ROME_DATA = "../data/chosen_data/rome/"

P_MAX_LON = -8.57
P_MIN_LON = -8.66
P_MAX_LAT = 41.19
P_MIN_LAT = 41.14

R_MAX_LON = 12.53
R_MIN_LON = 12.44
R_MAX_LAT = 41.93
R_MIN_LAT = 41.88

---
## Porto LSH

Beginning with the porto set

In [3]:
# Run this cell to clear the chosen files in the PORTO folder

if SHOULD_DELETE_OLD_FILES:
    for filename in os.listdir(OUTPUT_FOLDER_PORTO):
        file_path = os.path.join(OUTPUT_FOLDER_PORTO, filename)
        try:
            if os.path.isfile(file_path) or os.path.islink(file_path):
                os.unlink(file_path)
            elif os.path.isdir(file_path):
                shutil.rmtree(file_path)
        except Exception as e:
            print("Failed to remove %s. Reason: %s" % (file_path, e))

In [4]:
# Create Grid LSH objec for Porto

resolution = 0.25 # km
layers = 4
meta_file = "../data/chosen_data/porto/META-1000.TXT"

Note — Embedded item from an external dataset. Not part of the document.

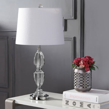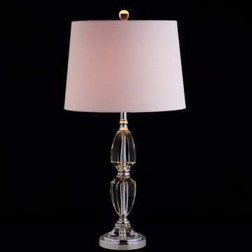 Make room for traditional elegance, as a column of crystal stacks up and sparkles from every angle. The square crystal base of our lamp continues the aesthetic while a slightly tapered linen shade enhances the light's reflection. Topped with a crystal finish and finished with a silk-wrapped 60" cord, this lamp will add traditional glamour to any home.

GridPorto = GridLSH("Porto G1", P_MIN_LAT, P_MAX_LAT, P_MIN_LON, P_MAX_LON, resolution, layers, meta_file, PORTO_DATA )



In [5]:
# Creating the hashes and saving them to output folder

hashes = GridPorto.compute_dataset_hashes()

# Saving the hashes to files
for key in hashes:
    with open(f'{OUTPUT_FOLDER_PORTO}/{key}.txt','w') as file:
        for hash in hashes[key]:
            file.write("%s\n" % hash)
        file.close()

# Copying the meta_files
meta_files = mfh.get_meta_files(PORTO_DATA)

for filename in meta_files:
    shutil.copy(PORTO_DATA + filename, OUTPUT_FOLDER_PORTO)

In [6]:
# Cell for measuring the time needed to generete the hashes. 

runtimes, number = GridPorto.measure_hash_computation(repeat=10, number=1)
print(runtimes)
print(f"Ran the hash computation {len(runtimes)} times. Fastest runtime: {min(runtimes)}s for {number} hashes")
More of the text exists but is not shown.